Exploiting Reversible Computing for Latent-Fault-Free Error Detecting/Correcting CMOS Circuits

Abstract

Unlike conventional CMOS circuits, reversible circuits do not have latent faults, so faults occurring in internal circuit nodes always result in an error at the output. This is a unique feature for online or concurrent fault tolerance and the main motivation of this paper with an aim of achieving highly efficient fault-tolerant CMOS logic circuits. For this purpose, we first implement fault-tolerant reversible circuits. We develop two techniques to make a reversible circuit fault-tolerant by using multiple-control Toffoli gates.
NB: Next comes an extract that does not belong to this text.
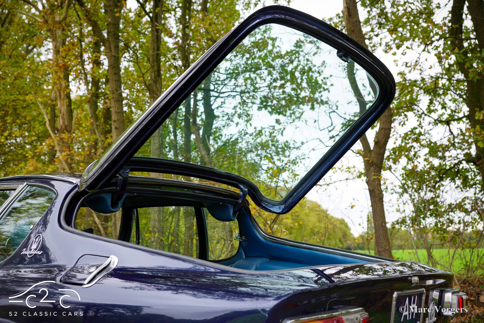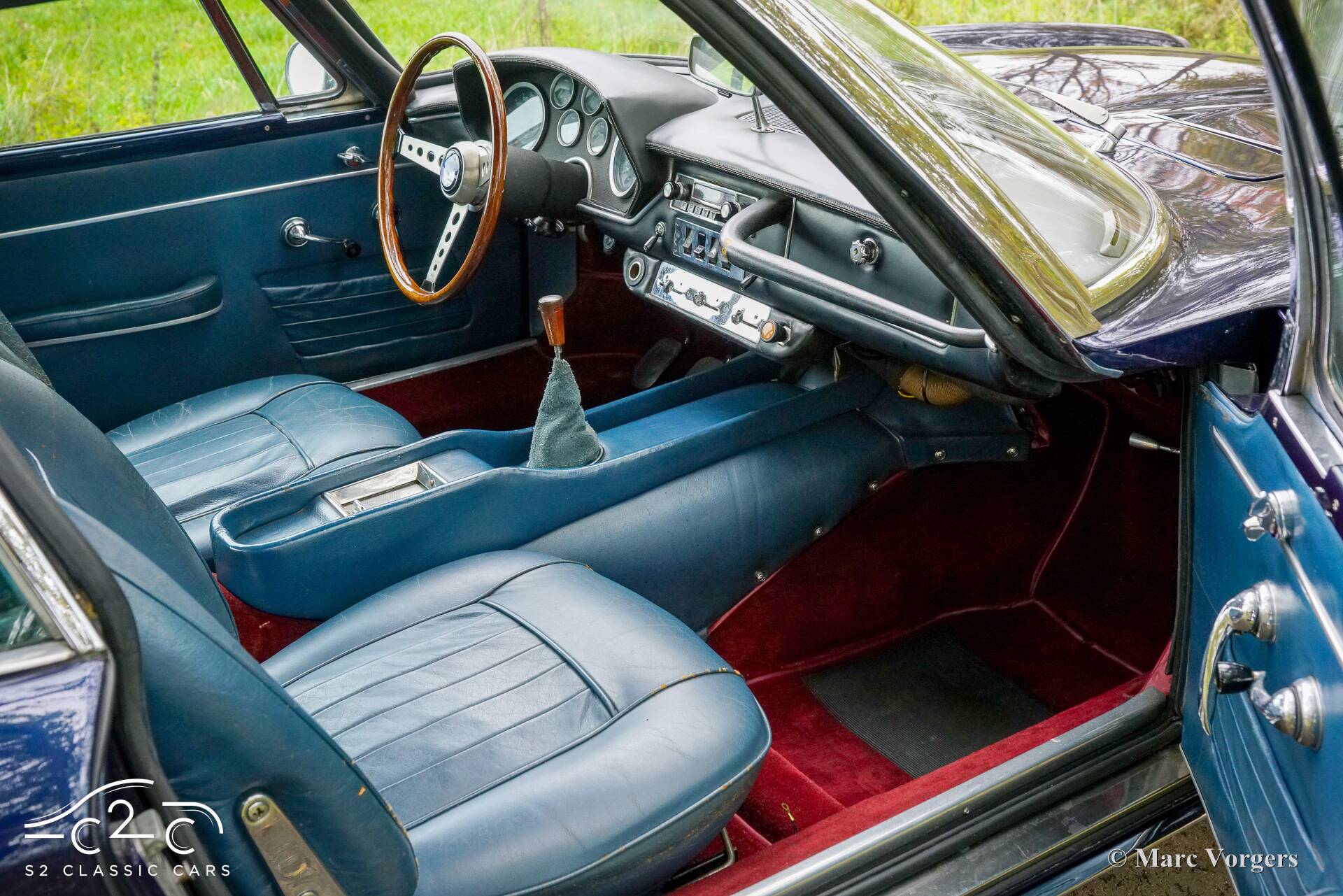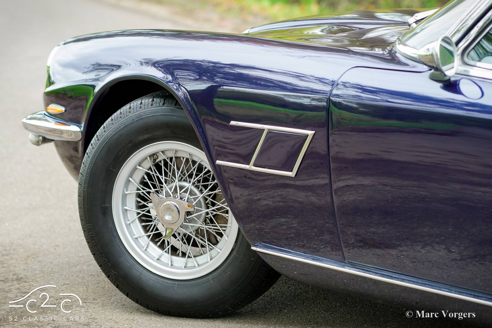 The Maserati Mistral Coupé was introduced in 1963 and only 844 examples were built fitted with a 3.5, 3.7 and 4.0 Litre six cylinder in-line engines featuring double ignition (and twin spark plugs per cylinder) and Lucas mechanical fuel injection. In 1966 the 265 bhp top of the line 4.0 Litre engine became optionally available. The wonderful GT design by Pietro Frua distinguished itself with a wonderful combination of flowing curved and sharper edged body lines and a large, glazed tailgate giving the car a sporty yet practical appearance.

The first technique is based on single parity preserving and offers error detection for odd number of errors at the output. The second technique is constructed on Hamming codes, which results in circuits detecting any number of errors unless the number of errors at the output is the order of $d$ or correcting $(d-1)/2$ bit errors, where $d$ is the minimum Hamming distance between any pair of bit patterns. We select $d=3$ in this paper. We also claim that 100% error detection is possible with conservative reversible gates, such as a Fredkin gate. For this purpose, we develop a greedy synthesis algorithm that implements an arbitrary reversible function with multiple-control Fredkin gates. As the next step, we utilize the proposed reversible circuits with conventional CMOS gates. This certainly approves the practical use of the proposed techniques. The effectiveness of our techniques is demonstrated on benchmark circuits, implemented by both reversible and CMOS gates, in terms of fault tolerance performances and area costs. Comparisons with the related studies in the literature as well as with dual-modular redundancy and triple-modular redundancy-based circuits clearly favor the proposed designs.